I’m working on a CNN for skin lesion classification. I’m using the ISIC2018 dataset, and my code for fitting the model is below:

classification.load_weights('classification.h5') #reset weights
optimizer = tf.keras.optimizers.SGD(learning_rate=0.1)
classification.compile(optimizer=optimizer, loss="sparse_categorical_crossentropy", metrics=["binary_accuracy", 'MeanSquaredError', 'AUC']) 

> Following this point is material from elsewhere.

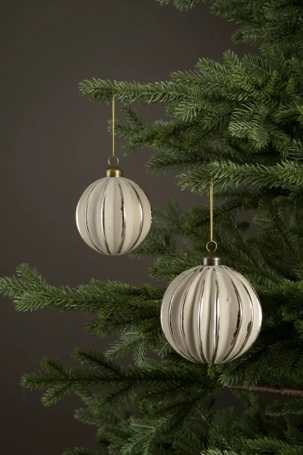 Inspireras av året vackra och exklusiva glas julkulor i vitt med silverdetalj. Har en diameter på Ø10cm. Snyggt granen, i skålen eller i kransen. Kommer i två olika former. Ligger 2 st per förpackning. Eller köp 12 pack

callback_list = [tf.keras.callbacks.EarlyStopping(patience=2)]
batchsize=2500
spe = 50 #steps per epoch
epochs = 80
class_train = r"classi/ISIC2018_Task3_Training_Input/ISIC2018_Task3_Training_Input/" 
class_train_gt = pd.read_csv("classi/ISIC2018_Task3_Training_GroundTruth/ISIC2018_Task3_Training_GroundTruth/ISIC2018_Task3_Training_GroundTruth.csv")
organize_images_to_classes(class_train_gt, class_train) #A function I wrote which organizes the images to folders of their corresponding labels

for i in range(epochs+1):
    train_ds = datagen.flow_from_directory(directory=class_train, target_size=(256,256), batch_size=batchsize)
    print(len(train_ds))

    history = classification.fit(x=train_ds, batch_size=len(train_ds), callbacks=callback_list, steps_per_epoch=spe, verbose=1)

    print(f"--------------- Done epoch {i} -----------------")

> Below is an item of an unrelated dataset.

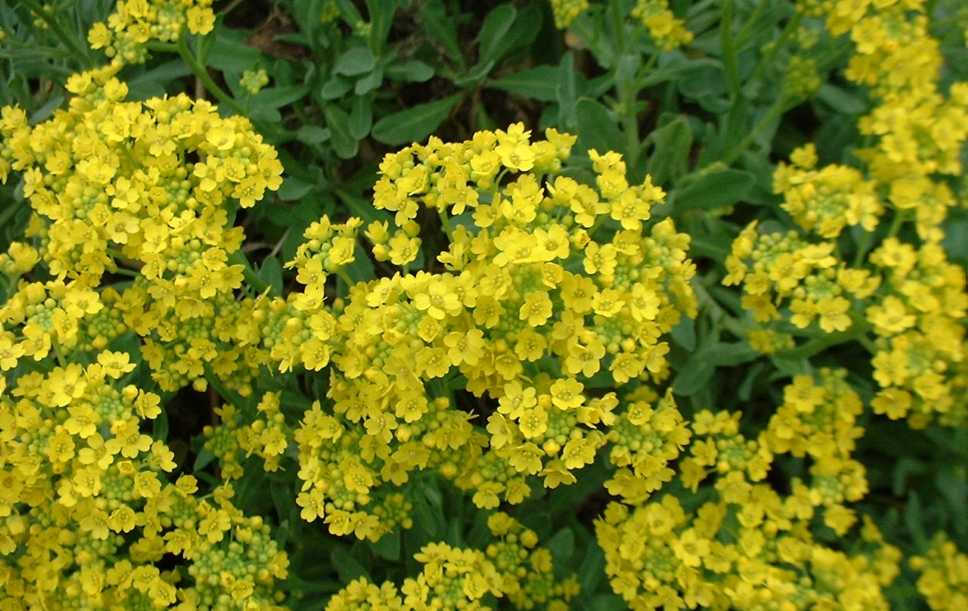 - Золотая россыпь. Кустик имеет сферическую форму. Листовые пластины узенькие. Побеги практически лежат на поверхности грунта. Маленькие плотные кистевидные соцветия состоят из насыщенно-желтых цветков. Данный сорт рекомендуется использовать для выращивания на каменистых горках, а также для украшения подпорных стенок.

classification.save_weights("final_class.h5")

Running this outputted:

Found 9104 images belonging to 7 classes.
4
2024-01-05 12:37:52.266460: W external/local_tsl/tsl/framework/cpu_allocator_impl.cc:83] Allocation of 1966080000 exceeds 10% of free system memory.

This is my code for creating my model:

def classi(input_shape):
    inputs = layers.Input(shape=input_shape)
    x = layers.Conv2D(64, 3, padding="same")(inputs)
    x = layers.Activation("relu")(x)
    x = layers.BatchNormalization()(x)
    #classi layers
    for filters in [128, 256, 512]:
        x = layers.Conv2D(filters, 3, padding="same")(x)
        x = layers.Activation("relu")(x)
        x = layers.BatchNormalization()(x)

        x = layers.Conv2D(filters, 3, padding="same")(x)
        x = layers.Activation("relu")(x)
        x = layers.BatchNormalization()(x)

        x = layers.MaxPool2D(3, strides=2, padding="same")(x)

    #output
    output = layers.Dense(7, activation=None)(x)

    model = k.Model(inputs=inputs, outputs=output, name="classification")
    return model

classification = classi((256,256,3))
classification.summary()

classification.save_weights("classification.h5")

However, after ~50 seconds of running the kernel, this error message: ValueError: Shapes (None, None, None, 7) and (None, None) are incompatible and a message was printed out saying the script exceeded the allocated memory (shown above).

I tried increasing the number of batches to 2500 (so each time I do .fit, the model is only trained on 4 images at a time) to minimize the amount of resources spent at one time, but the message kept popping up.

I am also uncertain of what the error message means.

Please help, thanks!

There’s a problem with the way the last Dense layer is emitting the output and hence the problem.

The correct (also the expected) output format is (batch size, num classes) which is (None, 7) in your case.

Please see this link to observe the usage of layers.Flatten() in the model architecture (one way to fix your code).

1 Like

That worked, thanks!